Hello Andrew, Carlos, everyone,
I am working towards a test case submission of about 4000 test cases.
This mail is not the submission, but discusses various issues with this.
First of all, some background of the test cases.
I have written these tests from scratch(I am the only copyrighter) during the
development of an open source(GNU LGPL) XQuery/XSL-T implementation for KDE.
Development has been(and is) test driven and I think this has positively
affected the creation of this test suite, especially when contrasted to how
the XQTS has been created. Although the approach sometimes has been similar
to how I suspect the XQTS team has worked, a systematic reading of the
specifications and creation of tests corresponding to the assertions, many of
the tests has been created as responses to bugs, either discovered
sporadically or that I've theoretically concluded their existence judged from
how KDE's implementation is implemented. That is, tests focusing on what an
implementation has trouble with.
I find it difficult to compare KDE's test suite to the XQTS(because I don't
know the exact coverage of the XQTS) but I know that I've found 10-15 bugs
in Saxon even though it has more or less passed the XQTS(although I have not
systematically run the tests with Saxon), and that I've sporadically seen
some areas where I've had tests while XQTS doesn't. For example, testing that
certain operators doesn't exist or that invalid lexical representations of
date/time types are trapped. The majority of the tests are XPath-only, very
few nodetest, nametest, and path expressions, and large focus on casting and
My tests are not in the XQTS format, but a 1.0 XSL-T stylesheet with EXSL-T
extension can convert into it, in a fully automated way. An "export" to the
XQTS format is not publically available(although it's very easy to do) right
now, but all of the related files are here:
or via web interface at:
On a linux system with xsltproc installed and make(or on Windows with those
tools available), running `make xqts` should create a fully functional XQTS
suite. `make xqts-package` zips it up.
The reason I not yet work on nor publish it in the XQTS format is that as soon
one does that, one potentially must revert to manually editing(of 4000
tests!), instead of intervening the conversion process. Therefore, this mail
discusses issues(below) such that we all save work and achieve the best
On to the details. It might be appropriate that some points are discussed in
the Bugzilla database. If so, state that, and I'll open and we can continue
* The testing of KDE's implementation is essential for it. If I loose a
test, it is potentially a regression. How do you decide whether a test is
accepted or not? For example, is it possible that a test is not accepted even
though it does not duplicate a test in XQTS and that it is valid? I (almost
must) have a very clear view on how this works, otherwise contributing to the
XQTS can get very costly for KDE's implementation. It can simply be a
question of close cooperation. If you decide to discard tests that are
incompatible with me, it can just be a question of that I am informed of what
tests that are discarded.
* This is how the conversion works: no test cases uses input files and the
query is merged with the catalog. Example:
description="Test function fn:true().">true()</test-case>
Multiple tests are then put in files, where each file corresponds to a XQTS
test-group. An XQTS Catalog file contains XInclude statements inside
test groups(XQTSCatalogSubmission.in.xml), and an identity transform produces
query files, expected outputs, and the "final" catalog
Not all of the tests are converted. Tests concerning functions(about 1000)

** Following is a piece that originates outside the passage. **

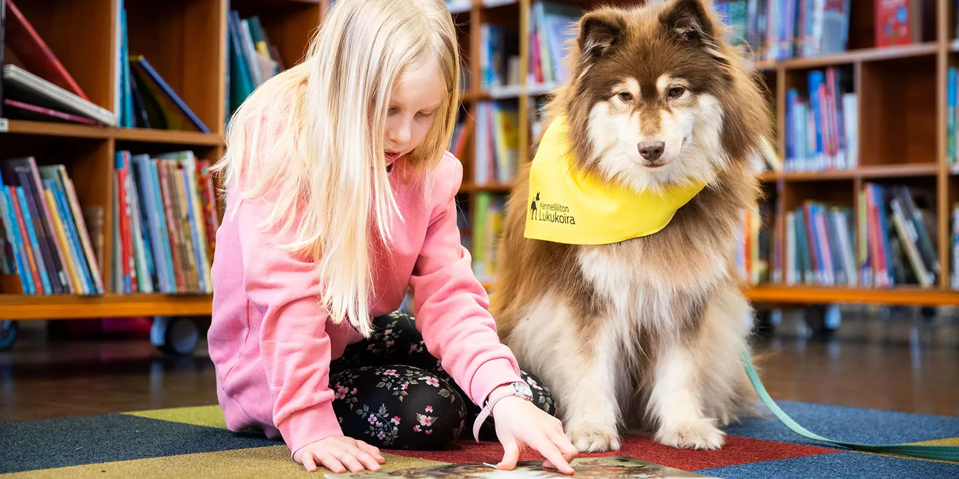 ห้องสมุด Kimito ซึ่งอยู่ทางตะวันตกเฉียงใต้ของฟินแลนด์ “ฮิลมา” สุนัขเพื่อนรักนักอ่านของเด็กๆ กำลังพักเอนกายเพื่อรอทำหน้าที่ผู้ฟังที่ดีในรอบต่อไปให้กับเด็กๆ ชั้นประถม 5 ที่จองเวลาไว้ เพื่อมาอ่านหนังสือกับเจ้าหน้าสี่ขาที่ห้องสมุด

have not been split into groups and are therefore not included from the
catalog. In other words, about 3000 tests are ready to go, modulo these
* The produced test suite is based on XQTSCatalog.xsd version 0.8.6, including
the changes in bug #3090.
* New test-groups were added: OptionDeclarationProlog, CopyNamespacesProlog,
ValCompTypeChecking, AnyURI, StringComp. These have been marked in the
catalog with an XML comment saying "NOTE: This is a new group ..."

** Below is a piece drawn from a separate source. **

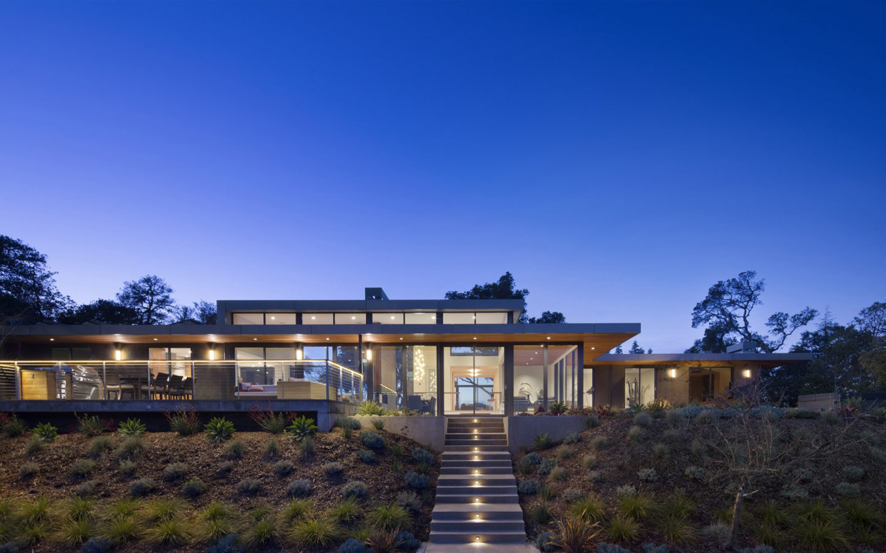 The remodeled home is roughly 4,700 square feet in size, with additional area added being only 462 square feet, but the effect of lifting the roof three feet higher and opening the house views up are dramatic. The house reflects the owners’ interests and lifestyle which involves sports and entertaining. The existing family room became a game room for billiards and football-watching, and the entry forecourt has a basketball stand then off to the side is a Bocce ball court. A large swimming pool sits down below the main house.

* Currently there are tests for how an basic implementation should treat
schema imports and the like(not many, 10 or so). How should those be
organized? Currently they are in the group "Optional Features", but
implementations being schema aware will fail them.
* test-case/@is-XPath20 is currently incorrectly set, and I have no automated
way of doing it. I've gotten the impression that you have scripts to
automatically do this? If so, you can simply fix that when I "officially" do
* I think the submission guidelines are followed
* http://www.w3.org/XML/Query/test-suite/Guidelines for Test Submission.html
reads: "Variable names, function names, etc., should not contain any
copyrighted information or any company name or any other text identifying a
company." However, XQTS' catalog contains test-group/@featureOwner listing
organizations such as NIST, Oracle, Micorsoft, and so forth. I find these two
points contradictory. As I see it, when KDE's test being merged into XQTS,
they will be listed under a certain company as the feature owner. I could use
a clarification on this area. Perhaps test-group/@featureOwner should be
* Some of the tests are generated from the table in "XQuery 1.0 and XPath 2.0
Functions and Operators, 17.1 Casting from primitive types to primitive
types", with fromCastingTable.xsl into casting-generated.xml(see the comments
in the XSL-T file). If some of those tests duplicate XQTS or in some other
way are inappropriate, the generation should be intervened.
* The majority of the tests do not have descriptions. Those who don't, get a
generic one generated: "A test whose essence is: `1 to 1 eq 1`", for example.
The generation knows what test-group a test belong to, so it would be
possible to generate a description which is based on the test-group. In
general, I find the descriptions in XQTS very generic, often the same for all
tests in one group, so I see the generated descriptions as being on the same
level of quality. If one wants to manually add descriptions one should
consider to edit the custom format directly, since it's very simple and one
has the query right next to the 'description' attribute.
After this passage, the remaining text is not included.